Ukrainian peace negotiators are en route to the United States and plan to meet with the U.S. negotiating team on Friday and Saturday, President Volodymyr Zelenskyy said on Thursday.
Zelenskyy told reporters in a WhatsApp media chat that there were no final aligned peace proposals for now, reiterating his plea to partners to strengthen Ukraine in case Russia refuses to stop its war.
A White House official, meanwhile, confirmed to NBC News that the U.S. and Russia will hold talks in Miami this coming weekend. The talks were first reported by Politico.
The Kremlin said Thursday that Russia was preparing for contact with the U.S. to get details about U.S. talks with European powers and Ukraine on a possible peace settlement.

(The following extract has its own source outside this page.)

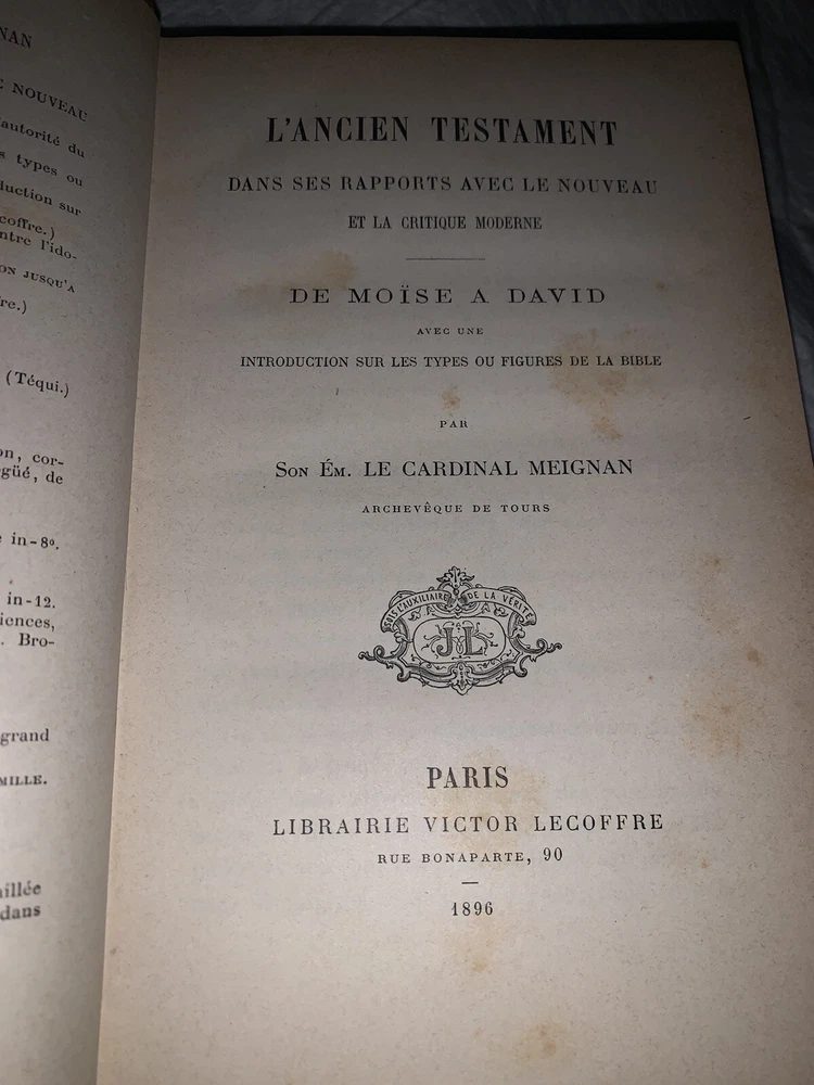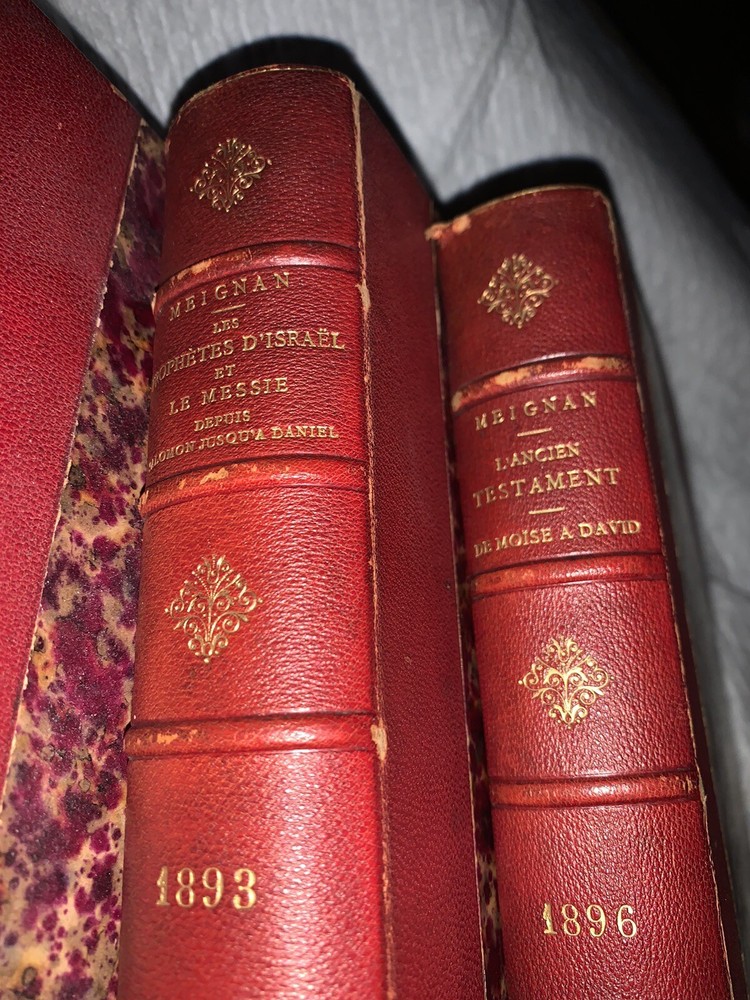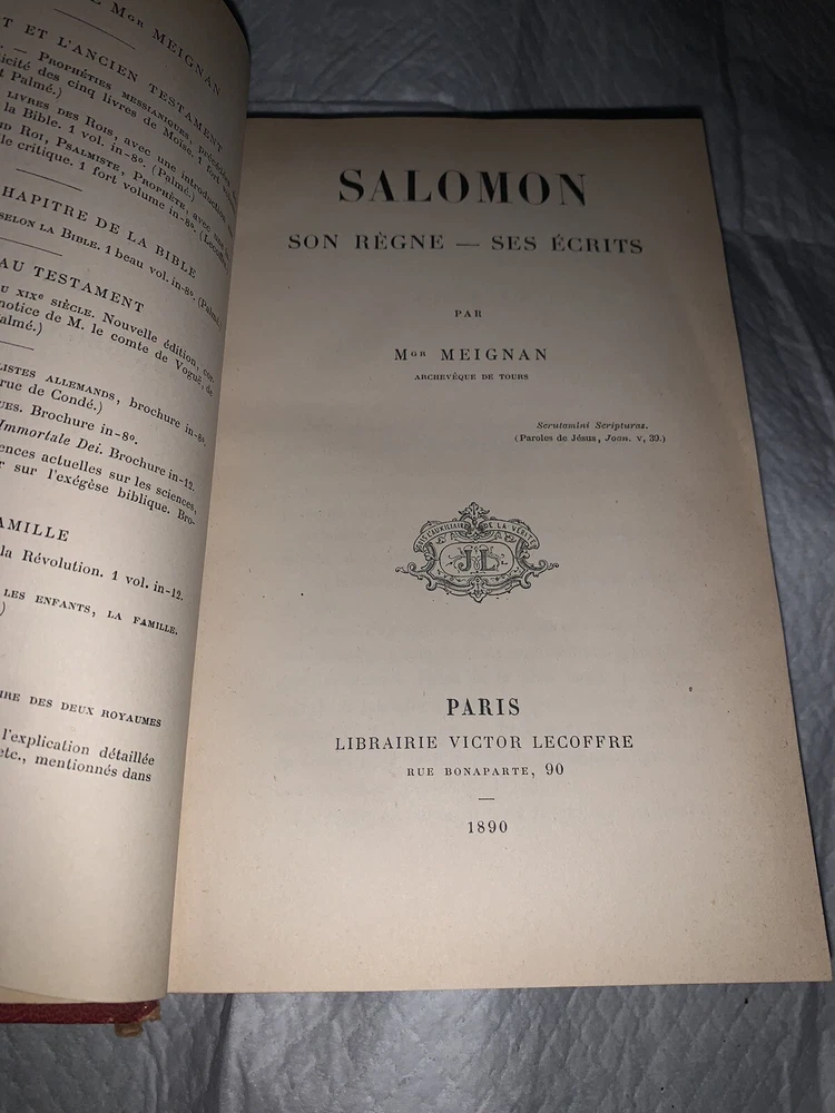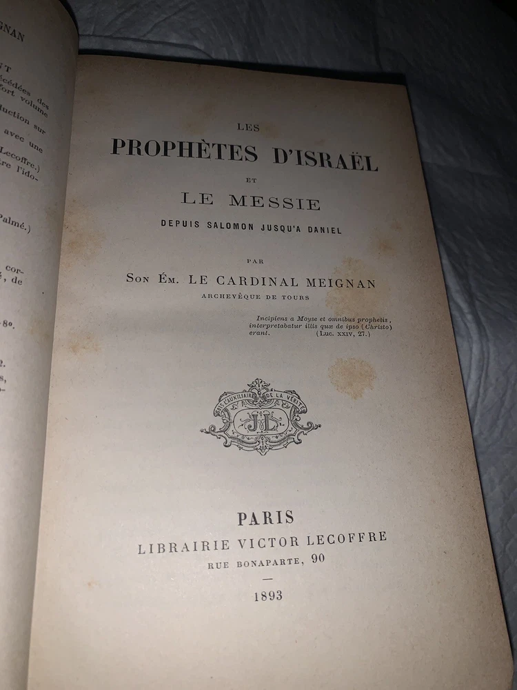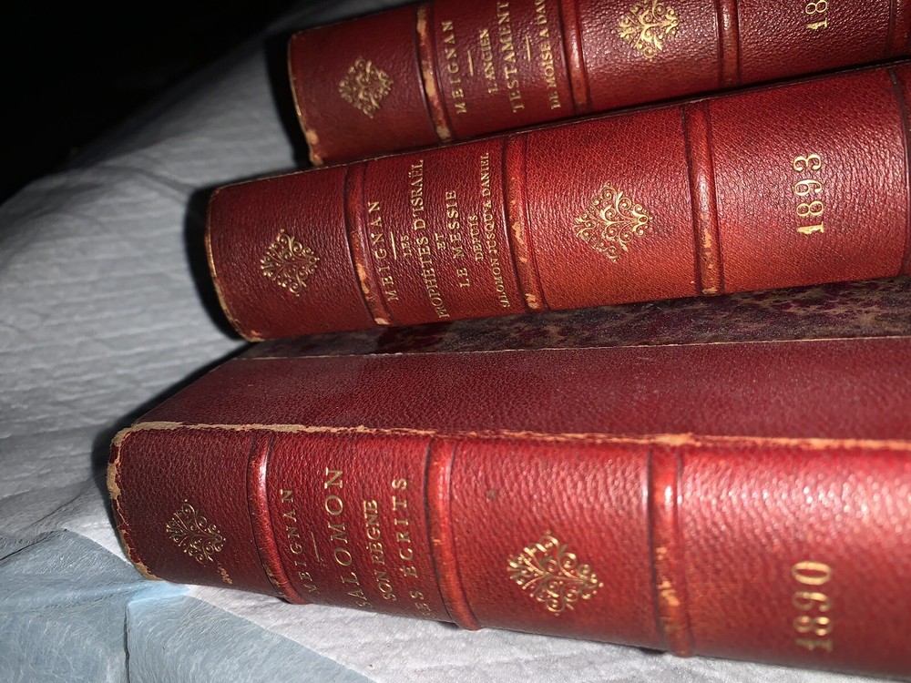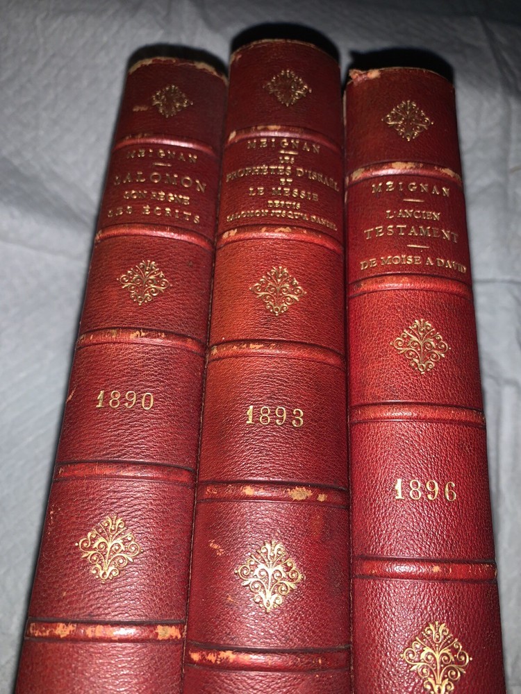 Les Propheties Messianiques De L'ancien Testament: Ou, - Leather Marbling-Meignan, 1896 VG+ Salomon, son règne, ses écrits" (Paris) 1890 VG+ Les prophètes d'Israël et le Messie, depuis Daniel jusqu'à Jean-Baptiste 1893 VG+ Immerse yourself in the world of antique French literature with this exquisite Cardinal Meignan book collection. This deluxe set features three rare leather-bound books published by Lecoffre in Paris, each containing insightful religious and spiritual writings by the esteemed author. With a focus on topics such as faith, morality, and human nature, these books are perfect for collectors and anyone interested in exploring the depths of spiritual philosophy. The bindings are in excellent vintage condition, adding to the charm and uniqueness of these books. The pages are crisp and clean, allowing for an enjoyable reading experience. Don't miss out on the opportunity to own a piece of history with this Cardinal Meignan Antiquarian Deluxe Book Collection.

“We are indeed preparing certain contacts with our American counterparts in order to receive information about the results of the work that the Americans have done with the Europeans and with Ukraine,” spokesman Dmitry Peskov told reporters when asked about a possible meeting in Miami.
The U.S. has held rounds of talks with Russia, and separately with Kyiv and European leaders, on proposals for ending the war in Ukraine but no deal has been reached.
Putin said Wednesday that Russia would take more land in Ukraine by force if Kyiv and European politicians, whom he cast as “piglets” or "swine," did not engage over U.S. proposals for a peace settlement.
European leaders say they stand with Kyiv and that if Russia wins in Ukraine, Moscow will one day attack a NATO member. The Kremlin has repeatedly dismissed claims that Russia would attack a NATO member as nonsense.
Russia controls 19.2% of Ukraine, including the Crimea peninsula which it annexed in 2014, as well as most of the eastern Donbas region, much of the Kherson and Zaporizhzhia regions and slivers of four other regions.